Сергей едва не взревел. Одержимый вмиг прекратил смеяться и гримасничать. На диво постная мина появилась у него на лице и не покидала его в продолжение всей следующей учительской тирады:
— Ну, вот что, Аполлон Леонидович. Уж теперь-то я понял все! Кем там я Вам прихожусь, а? Правнуком? Ну-ну… И это Вы плавненько подводите меня к тому, что скоро моя очередь? А если я не захочу?! Я свободный гражданин свободной страны! У меня есть права! У меня есть обязанности! Я за детей отвечаю!.. Слушайте, Аполлон Леонидович, все это чушь…
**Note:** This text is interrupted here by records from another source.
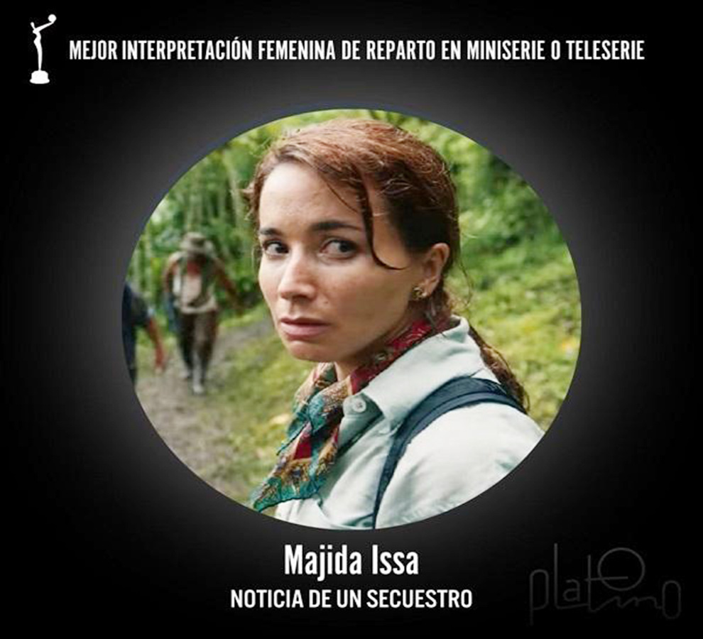 Bogotá, (Notistarz).- La actriz colombiana Májida Issa, se mostró feliz por su nominación a la “Mejor Interpretación Femenina de reparto en miniserie o teleserie” de los Premios Platino en la serie “Noticia de un Secuestro” basada en la obra del Nobel Gabriel García Márquez.
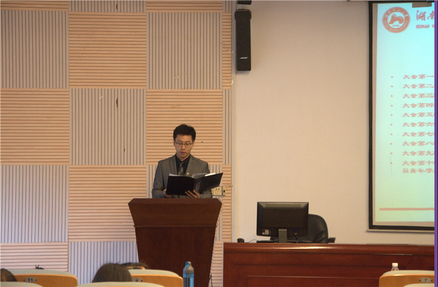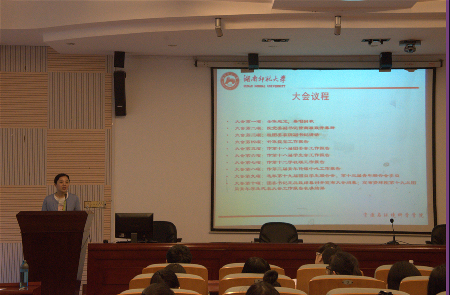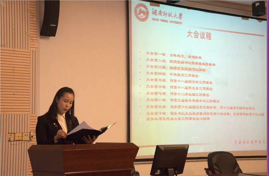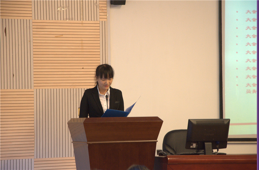 杨惠君宣布大会开始并要求全体起立合唱中华人民共和国国歌。接着,学院团委副书记朱琦至、王圆分别作2015-2016学年度团委工作总结报告并浅谈了工作感受,院员工会主席齐麟、院学社联主席高雅、院青传主任罗俐敏分别作了2015-2016学年度有关部门工作报告,同时也对新一届主席团提出了殷切的希望。随后,朱琦至宣布第十九届团学联合会、第十三届青年联合会换届竞职演讲开始,新一届68位候选人在台上展示了自己的特色,也提出了自己当选后要对部门的规划等等问题。最后,院团委书记王磊作总结讲话。他首先对上一届主席团给予了充分的肯定,并对候选人表示诚挚的祝贺,希望他们能本着“服务同学,奉献自身”的宗旨,怀着强烈的责任心踏踏实实地开展工作,把工作推向新的高度。
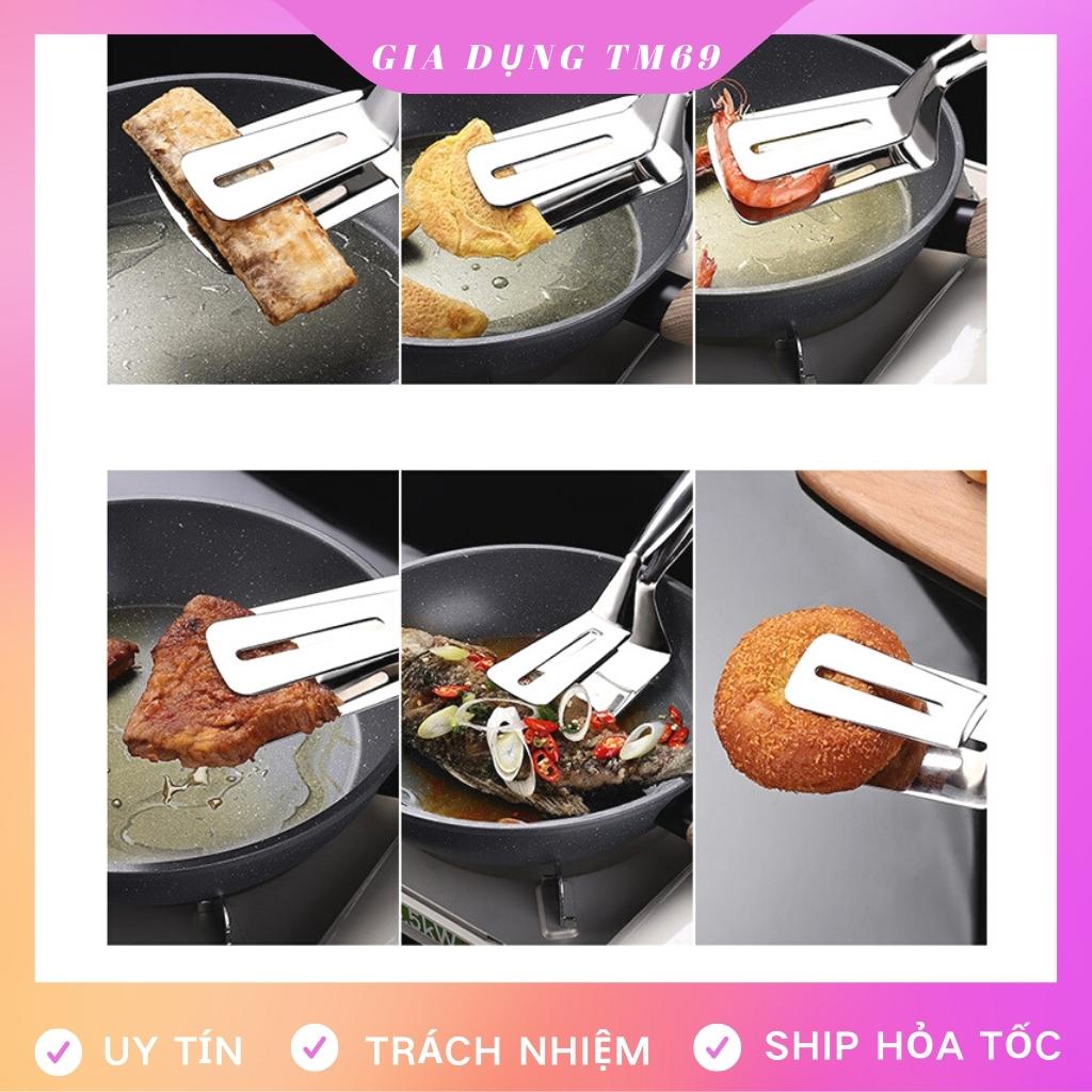 Kẹp Gắp Thức Ăn Đồ Nóng Inox, Chiên Xẻng Nướng Dụng Cụ Gắp Đồ Nóng Như Bít Tết, Cá Rán, Thịt NướngNhững chiếc lót tay có thể giúp chị em bắc nồi nhưng thật khó sử dụng với những bát đồ ăn trong nồi hấp, hay trong lò vi sóng. Những chiếc bát đôi khi rất nhỏ lại đựng đầy đồ ăn, chiếc lót tay sẽ thật bất tiện. Đây chính là lúc bạn sử dụng chiếc kẹp gắp thức ăn chống nóng.

— Не спорю, чушь — с тонкой переадресующей иронией проговорил Аполлон Леонардович, — но самое для тебя грустное в том, что ты веришь в эту чушь. «Свободный гражданин свободной страны»… Откуда эта пошлая цитата? Где ты видел свободных граждан и, тем более, свободные страны? Что ты вообще знаешь о свободе? Что ты вообще можешь говорить о свободе, ты, бедный мыслящий гвоздик? Вот ты кричишь о каких-то своих правах — а ведь у тебя, по сути, есть только одно подлинное право, которым ты никогда не воспользуешься: право умереть как угодно и когда угодно, в первую очередь быстро, безболезненно и не дожидаясь старости. Но нет! Ты будешь честно отбывать эту земную повинность до самого конца, пока не откажут почки и мозг, пока кишечник с мочевым пузырем не заявят свою полную свободу от гнета твоей воли. Ты добьешься того, что твое существование станет воистину невыносимым, ты будешь покорно страдать, год за годом попадая в тобою же расставленные некогда ловушки, будешь, как это у вас говорится, «мужественно нести свой крест»… При этом все так же разглагольствуя о свободе, правах и обязанностях и доводя окружающих тебя более молодых человеческих особей до вполне естественного бешенства!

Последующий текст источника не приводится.